- Collected data -
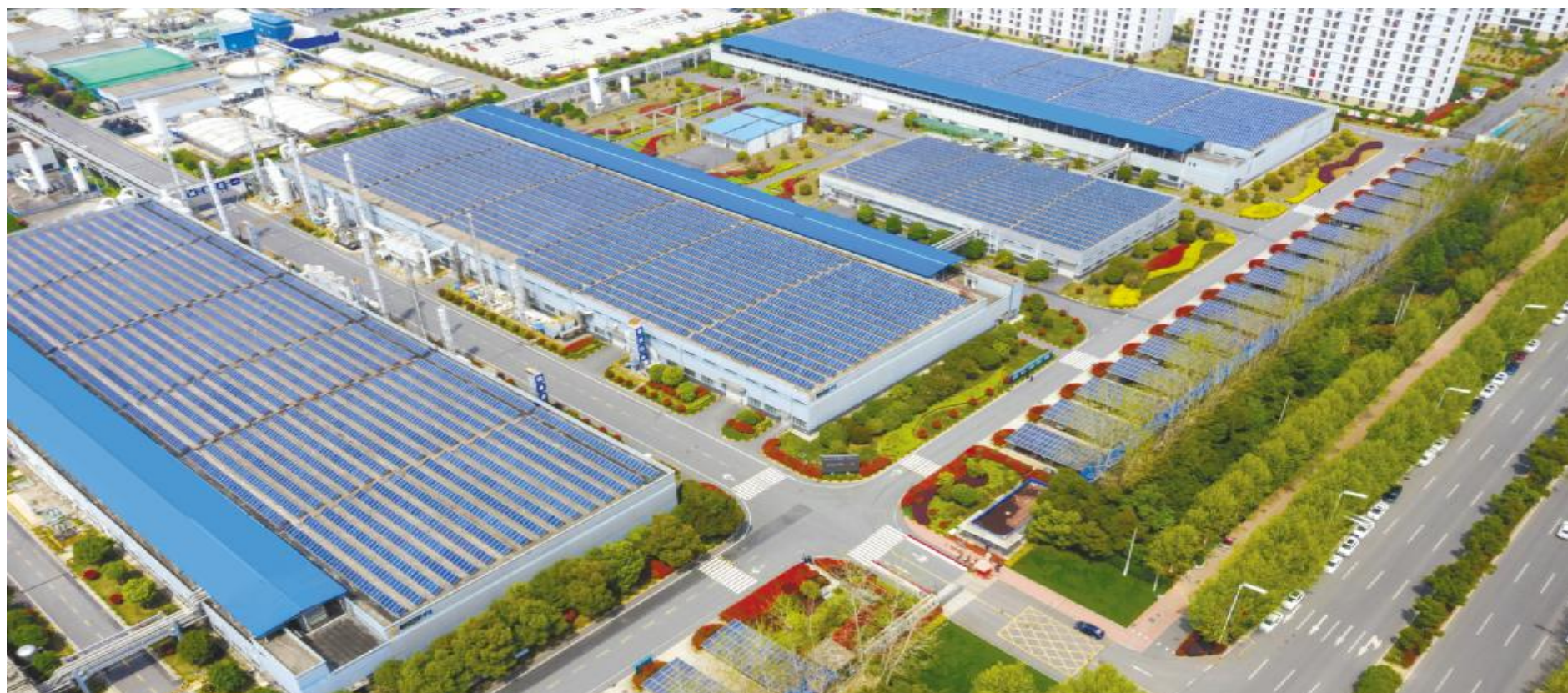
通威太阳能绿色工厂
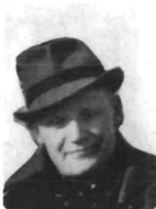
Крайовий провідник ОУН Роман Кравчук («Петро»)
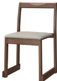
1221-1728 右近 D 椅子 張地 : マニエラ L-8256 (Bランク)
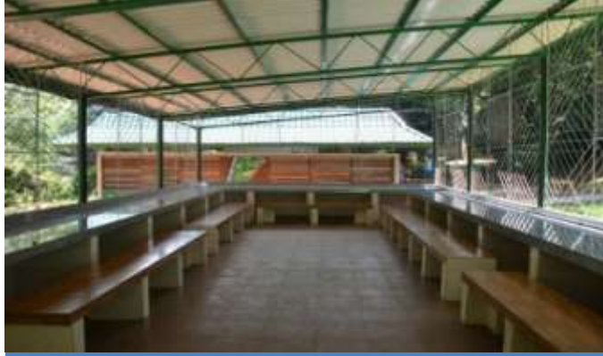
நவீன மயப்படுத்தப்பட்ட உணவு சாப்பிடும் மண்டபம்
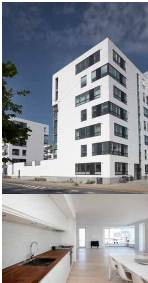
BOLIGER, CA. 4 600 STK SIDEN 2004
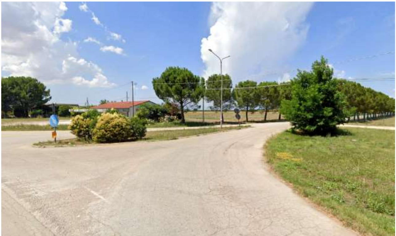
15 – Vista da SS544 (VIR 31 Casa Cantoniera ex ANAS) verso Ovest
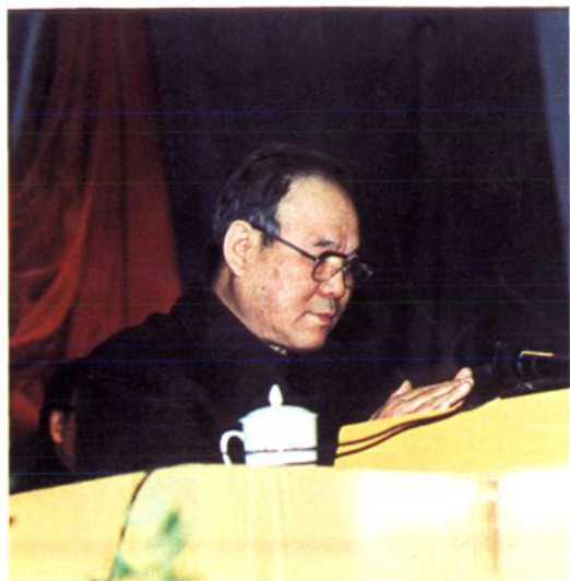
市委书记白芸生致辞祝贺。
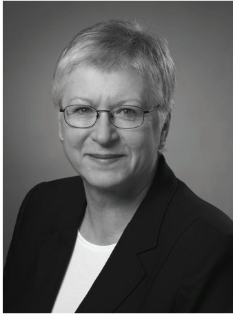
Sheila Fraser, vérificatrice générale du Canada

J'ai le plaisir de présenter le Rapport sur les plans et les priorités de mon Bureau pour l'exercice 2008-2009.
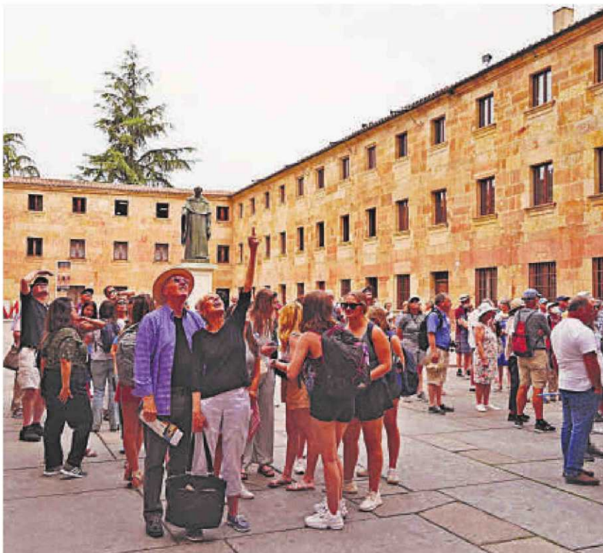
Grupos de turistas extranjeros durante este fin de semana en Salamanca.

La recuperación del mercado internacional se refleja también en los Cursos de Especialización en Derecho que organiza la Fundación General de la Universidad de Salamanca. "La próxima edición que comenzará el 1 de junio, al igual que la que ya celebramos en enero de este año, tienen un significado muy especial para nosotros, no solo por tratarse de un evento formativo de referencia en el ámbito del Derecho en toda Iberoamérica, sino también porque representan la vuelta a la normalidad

- Exercise description -
Looking above, find the stretch of lines that opens with the one holding "BOLIGER, CA. 4 600 STK SIDEN 2004" and closes with the one holding "Grupos de turistas". Copy it exactly, pictures excluded.

- Response -
BOLIGER, CA. 4 600 STK SIDEN 2004
15 – Vista da SS544 (VIR 31 Casa Cantoniera ex ANAS) verso Ovest
市委书记白芸生致辞祝贺。
Sheila Fraser, vérificatrice générale du Canada

J'ai le plaisir de présenter le Rapport sur les plans et les priorités de mon Bureau pour l'exercice 2008-2009.
Grupos de turistas extranjeros durante este fin de semana en Salamanca.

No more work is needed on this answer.